Records for the task ->
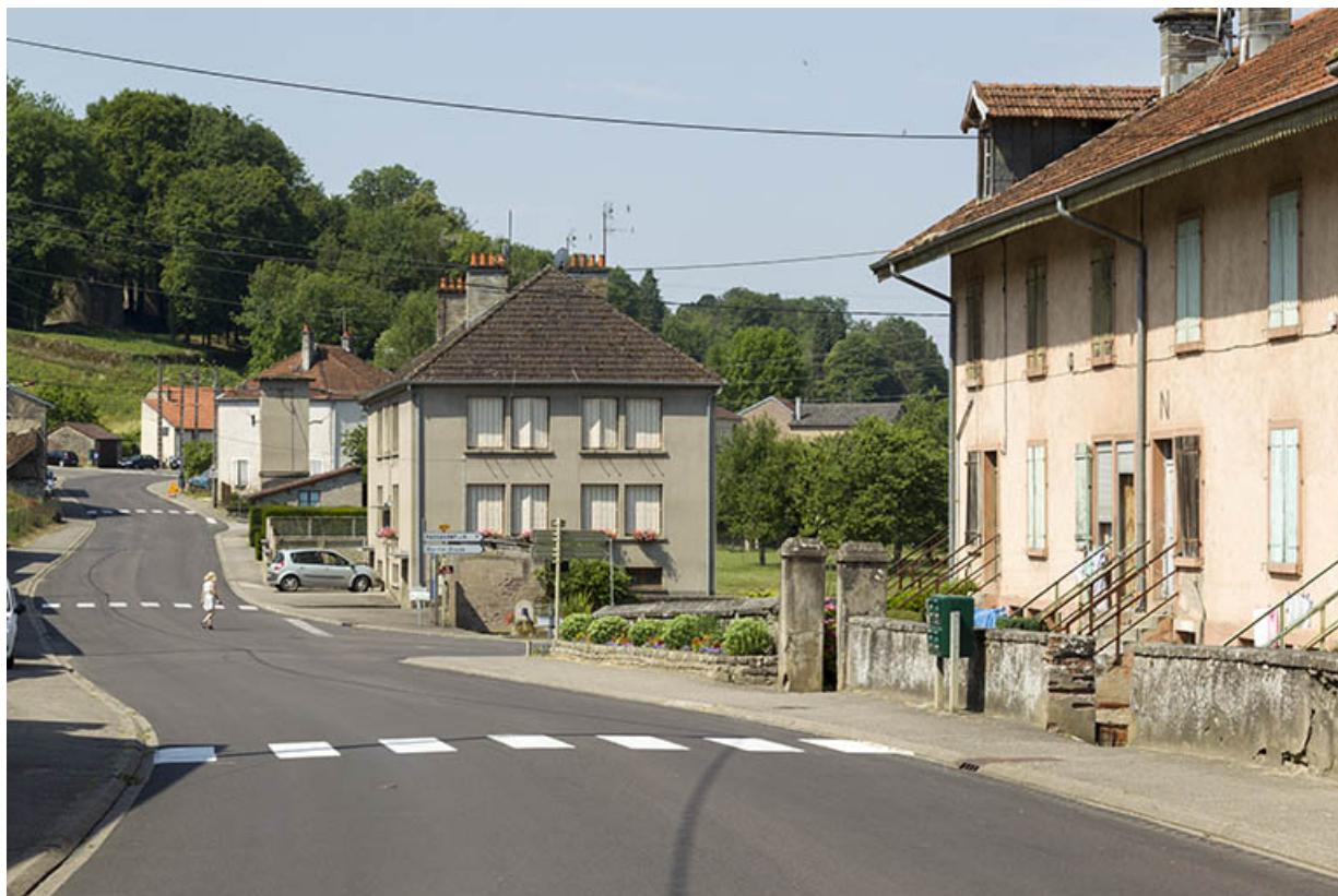
Vue de la grande rue, au milieu du village, à proximité de la route de Passavant, en direction de Corre. 70, Demangevelle
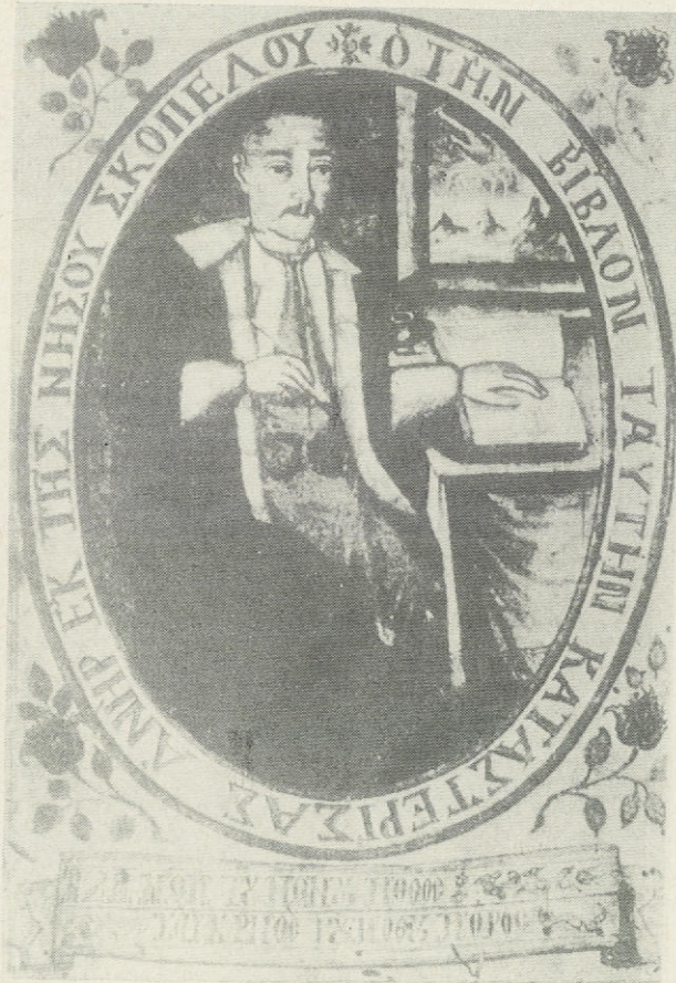
Ὁ Ἀγιορείτης βιβλιογράφος καὶ λόγιος Καϊσάρης Δαπόντες.

Βιβλιογράφοι δὲν λέγονται μόνο οἱ συντάκτες βιβλιογραφῶν (συχνὸς ὄρος), ἀλλὰ καὶ οἱ «τυπογράφοι» τῆς ἀρχαιότητος, τοῦ Βυζαντίου καὶ τῶν μεταβυζαντινῶν χρόνων. Γιατὶ πρὶν τὴν εὑρεση τῆς τυπογραφίας τὰ βιβλία ἀντιγράφονταν καὶ κυκλοφοροῦσαν κατὰ παραγγελία, ὅπως συμβαίνει στίς μέρες μας μὲ τίς χειροποίητες βυζαντινὲς εἰκόνες ἀπὸ τοὺς λεγομένους ἀντιγραφεῖς, καλλιγράφους ἢ βιβλιογράφους. Κατὰ κανόνα οἱ βιβλιογράφοι εἶχαν καὶ φιλοσοφικὰ ἐνδιαφέροντα, ἀφοῦ ἔπρεπε νὰ ἀναύρουν καὶ νὰ ἐπιλέξουν τὸ καλῦτερο πρότυπο, ἐνῶ συχνὰ ἐπέφεραν καὶ διορθώσεις ἢ ἔγραφαν σχόλια στὸ κείμενο, ἥδη ἀπὸ τὴν ἀλεξανδρινὴ ἐποχὴ. Οἱ τελευταῖοι αὗτοὶ ἀναδεικνύονταν σὲ κριτικούς ἐκδότες (βλ. σχετικὰ Κων. Ἰ. Βουρβέρη: Εἰσαγωγή εἰς τὴν ἀρχαιολογίαν καὶ τὴν κλασσικὴν φιλοσοφίαν, Ἀθήναι 1967. Γ. Ἰ. Κουρμούλη: Ἡ ἑλληνικὴ γλῶσσα, πανεπιστημιακαὶ σημειώσεις. Ν. Β. Τωμαδάκη: Κλείς τῆς Βυζαντινῆς Φιλολογίας, τρίτη ἐκδοσις, Ἀθήναι 1965).
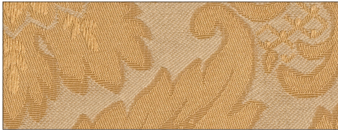
rovescio / back
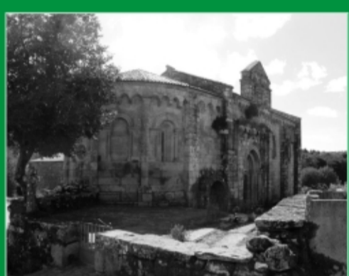
55. San Pedro de Vilanova. Dozón
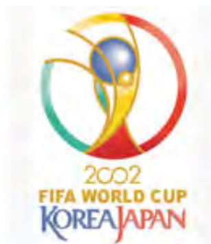
کره و ژاپن ۲۰۰۲

نخستین دوره جام جهانی هزاره سوم میلادی برای نخستین بار در تاریخ جام جهانی در خارج از دو قاره آمریکا و اروپا برگزار شد . همچنین این دوره نخستین مسابقاتی بود که به طور مشترک در دو کشور برگزار می شد .
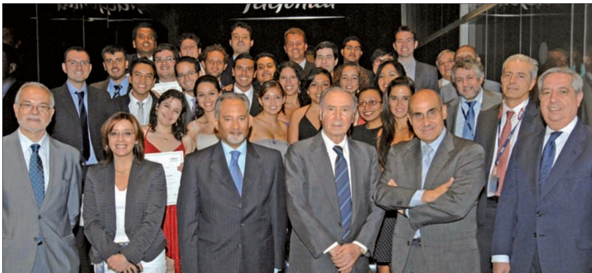
Los Directivos del Programa Balboa y de Telefónica junto a los 25 periodistas latinoamericanos seleccionados en esta edición
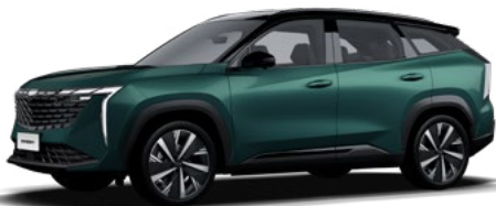
Emerald Green (зелен) (H15)
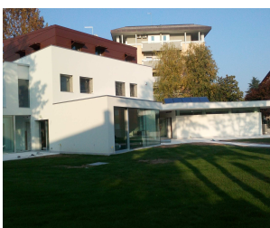
L'esterno della struttura a fine Ottobre

Infondazione è il foglio informativo mensile con cui la Fondazione Bambini e Autismo ONLUS vuole far conoscere all'esterno la propria attività e le proprie iniziative. Come potete avere infondazione

Task item -> Check each line above for the string "esterno", then copy the ones that have it.

Response ->
L'esterno della struttura a fine Ottobre
Infondazione è il foglio informativo mensile con cui la Fondazione Bambini e Autismo ONLUS vuole far conoscere all'esterno la propria attività e le proprie iniziative. Come potete avere infondazione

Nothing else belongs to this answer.